MEDICINE Review Article Lung Cancer Screening With Low-Dose Computed Tomography

Background: Approximately 21 900 women and 35 300 men developed lung cancer in Germany in 2018, and 16 514 women and 28 365 men died of it. The outcome mainly depends on the tumor stage. In early stages (stage I or II), treatment can be curative; unfortunately, because early-stage lung cancers are generally asymptomatic, 74% of women and 77% of men already have advanced-stage disease (stage III or IV) at the time of diagnosis. Screening with low-dose computed tomography is an option enabling early diagnosis and curative treatment.

Methods: This review is based on pertinent articles retrieved by a selective search of the literature on screening for lung cancer.

Results: In the studies of lung cancer screening that have been published to date, sensitivity ranged from 68.5% to 93.8%, and specificity from 73.4% to 99.2%. A meta-analysis by the German Federal Office for Radiation Protection revealed a 15% reduction in lung cancer mortality when low-dose computed tomography was used in persons who were judged to be at high risk for lung cancer (risk ratio [RR] 0.85, 95% confidence interval [0.77; 0.95]). 1.9% of subjects died in the screening arm of the metaanalysis, and 2.2% in the control group. The observation periods ranged from 6.6 to 10 years; false-positive rates ranged from 84.9% to 96.4%. Malignant findings were confirmed in 45% to 70% of the biopsies or resective procedures that were performed.

Conclusion: Systematic lung cancer screening with low-dose CT lowers mortality from lung cancer in (current or former) heavy smokers. This benefit must be weighed against the high rate of false-positive findings and overdiagnoses.

Cite this as:

Reck M, Dettmer S, Kauczor HU, Kaaks R, Reinmuth N, Vogel-Claussen J:

Lung cancer screening with low-dose computed tomography: current status in Germany.

Dtsch Arztebl Int 2023; 120: 387-92. DOI: 10.3238/arztebl.m2023.0099

In 2018, 21 930 women and 35 290 men developed lung cancer in Germany, and 16 514 women and 28 365 men died of it. Lung cancer is therefore the most common cancer-related cause of death in men and the second leading cause in women (1, 2). The majority of lung cancer cases in Germany are attributable to smoking tobacco; it is estimated that smoking causes over 60% of all lung cancer cases in women and up to 90% of all cases in men. The risk of developing lung cancer is significantly higher for smokers and former smokers than for never- smokers. Male cigarette smokers have an up to 24-fold higher risk of developing lung cancer than never-smokers, while the risk for former smokers is increased up to 7.5-fold. The risk for female smokers is increased up to 8.7-fold and up to twice as much for former smokers as compared with never-smokers (3). The risk of lung cancer increases with the total duration of smoking (years) and with increasing smoking intensity (cigarettes per day) (4, 5). The relative risk of lung cancer decreases for former smokers with increasing years of abstinence but never reaches the low level of a person who has never smoked.

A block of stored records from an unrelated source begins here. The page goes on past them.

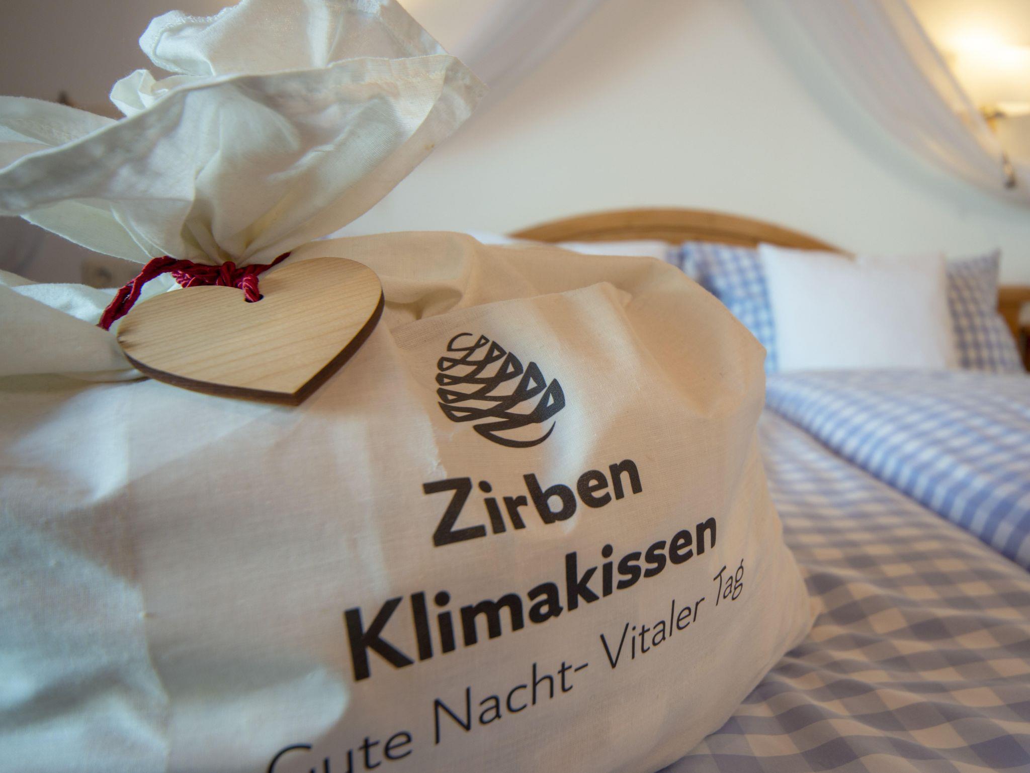 • Schlafzimmer mit Zirbenholz-Klimakissen für einen guten Schlaf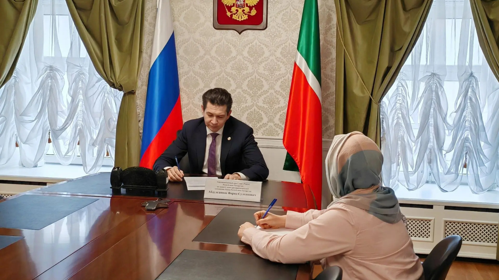 Сегодня Уполномоченный при Главе (Раисе) РТ по защите прав предпринимателей — помощник Раиса РТ Фарид Абдулганиев провел очередной личный прием граждан в приемной Президента РФ в Республике Татарстан. В ходе встречи предприниматели обратились с вопросами, касающимися плановых проверок, организации общественного питания, налогообложения при смене режимов и лицензирования образовательной деятельности.
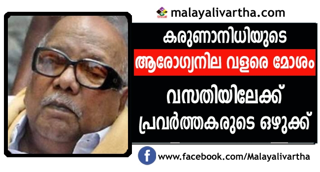 കരുണാനിധിയുടെ ആരോഗ്യനില വളരെ മോശമായതായി റിപ്പോര്ട്ട്; ആരോഗ്യനില മോശമായ വാര്ത്തയറിഞ്ഞ് വസതിക്ക് മുന്നിലേക്ക് ഡിഎംകെ പ്രവര്ത്തകര് കൂട്ടമായി എത്തുന്നു; മകനും ഡിഎംകെ നേതാവുമായ എം.കെ.സ്റ്റാലിനുമായി നേതാക്കളുടെ കൂടിക്കാഴ്ച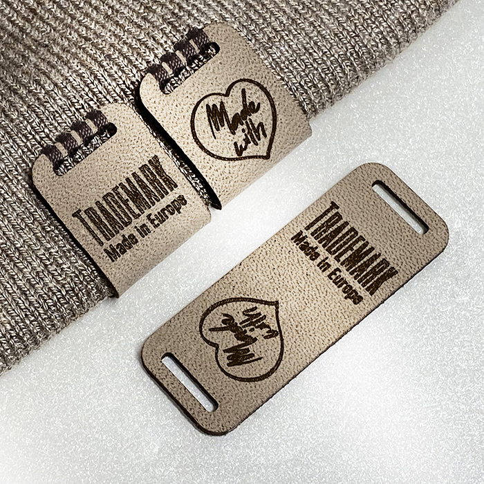 Gepersonaliseerd label EP-M65 van natuurlijk leer voor kleding, tassen, schoenen en diverse kledingaccessoires.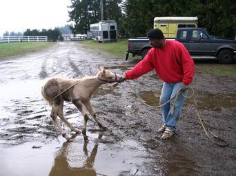 | Keywords: mud horses palomino colt outdoor The colt pictured, Bear, was two weeks old in this picture, and was on his way to the indoor arena. This was his first time out of his stable and he fought stubbornly all the way there and got rather muddy in the process. CC0 waiver: To the extent possible under law, I waive all copyright and related or neighboring rights to this work. The colt pictured, Bear, was two weeks old in this picture, and was on his way to the indoor arena. This was his first time out of his stable and he fought stubbornly all the way there and got rather muddy in the process. CC0 waiver: To the extent possible under law, I waive all copyright and related or neighboring rights to this work. |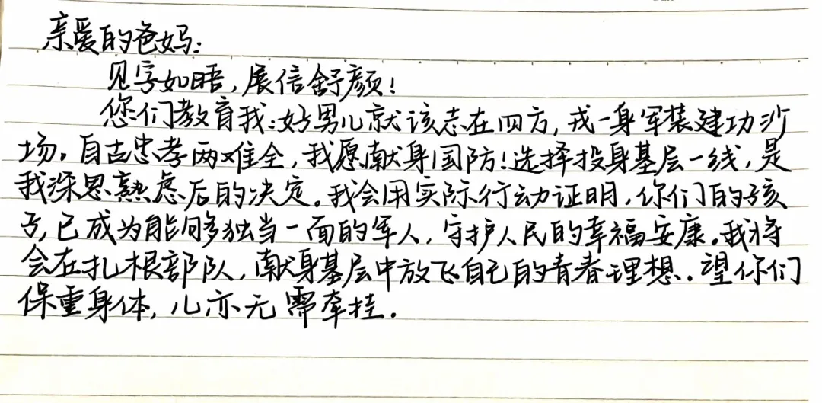 “在米兰的求学路上,我一步步走出新的人生轨迹,我的梦想在强军兴军的实践中熠熠生辉。青春有了迷彩的颜色,奋斗路上注定聚少离多,既然穿上了军装,就要卫万家灯火,守国土一方!”—— 王鑫泽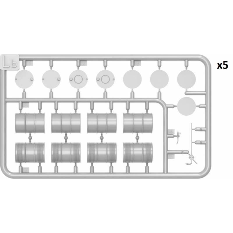 Le coffret contient 12 fûts de carburant non assemblés, finement moulés, avec une gravure réaliste des nervures, cerclages et bouchons. Ces éléments constituent une excellente base pour la peinture et la patine, permettant de représenter des fûts neufs, usés, cabossés, rouillés ou souillés par le carburant, selon le contexte de la scène.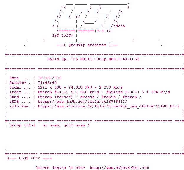 Y avez-vous pense ? Nous proposons déjà 1764 sous-titres pour le film Balls Up. Avez-vous essaye de voir si ces sous-titres etaient compatibles avec cette release ? On vous laisse le soin de tester cela pour nous et de contribuer au site en postant le sous-titre en cas de compatiblite constatee !
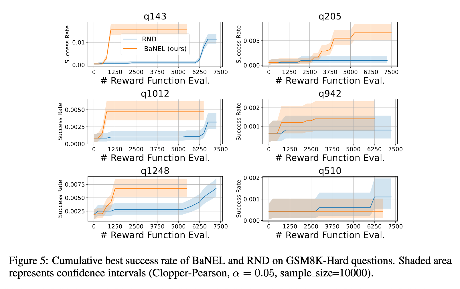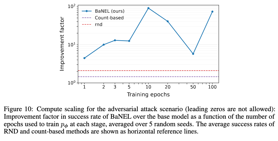 We also study scaling with compute (here we don’t allow leading zero attacks to make the problem even more challenging). When the negative generative model $p_\phi$ is under-trained (few epochs), BaNEL performs on-par with simpler novelty-bonus baselines (RND, pseudo-counts). But as we spend more compute on $p_\phi$ (without additional NREs), BaNEL outperforms these methods by a large margin. This highlights a key property: BaNEL trades compute for reward efficiency. It is suboptimal under strict compute limits but excels when additional offline computation is available.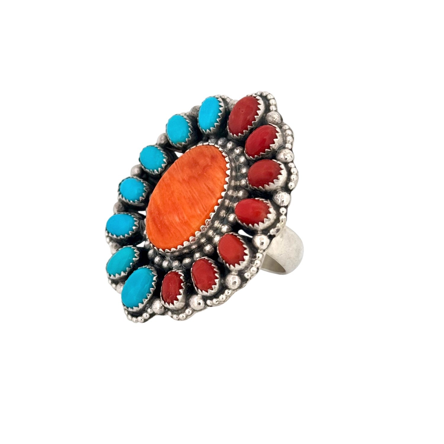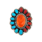 Handcrafted by celebrated Navajo artist Sheila Becenti, this adjustable multi-stone ring is a breathtaking fusion of artistry, heritage, and Southwest elegance. The design features a luminous spiny oyster centerpiece, surrounded by alternating turquoise and coral cabochons, each expertly bezel set in polished sterling silver. Every stone is hand selected for its rich color and character, reflecting Becenti’s deep reverence for the natural materials and traditions of her Navajo heritage. The intricate silverwork and balanced symmetry embody generations of silversmithing mastery, a hallmark of authentic Native American jewelry. Its adjustable band ensures a perfect fit, combining timeless craftsmanship with modern comfort.

About 85% of all lung cancer incidences in Germany are non-small cell lung cancers (NSCLC), while the remaining 15% are small-cell cancers (SCLC). The three main subtypes of non-small cell lung cancer are squamous cell carcinoma (about 30% of all lung cancer cases), adenocarcinoma (about 40%), and large-cell carcinoma (about 10 to 15% of all lung cancer cases). In Germany, the majority of lung cancer patients, i.e., 74% women and 77% of men, already have an advanced, prognostically unfavorable tumor stage at the time of diagnosis, with involvement of the mediastinal lymph nodes (stage 3) or metastatic spread to other organs (stage 4). By contrast, a diagnosis at an early tumor stage with the possibility of surgical resection and potential follow- up treatment has a much more favorable prognosis. This applies especially for NSCLC, with a 5-year survival rate of up to 80 to 93% for small, localized (stage 1A) tumors in comparison with a one-year survival rate of less than 20% in patients with advanced and metastatic (stage 4) cancer. However, only 17% of cancers in women and 15% of cancers in men are diagnosed at stage 1 (1).

Given the large prognostic, tumor stage-dependent differences and the often very late diagnosis, lung cancer is particularly suitable for a screening program with low-dose computed tomography (LD-CT).

The aim of this review article is to present the current status of CT screening with LD-CT and its implementation in Germany.

The scientific status of lung cancer screening

Because of the large cancer stage-related differences in survival time, effective early detection screening is the most efficient measure to significantly improve healing prospects and survival time. Both the Institute for Quality and Economic Efficiency in Health Care (IQWIG) and the German Federal Office for Radiation Protection (BfS) have now confirmed in two expert reports, based on a systematic evaluation of available evidence, a positive impact for lung cancer screening with low-dose computed tomography (LD-CT) (6, 7).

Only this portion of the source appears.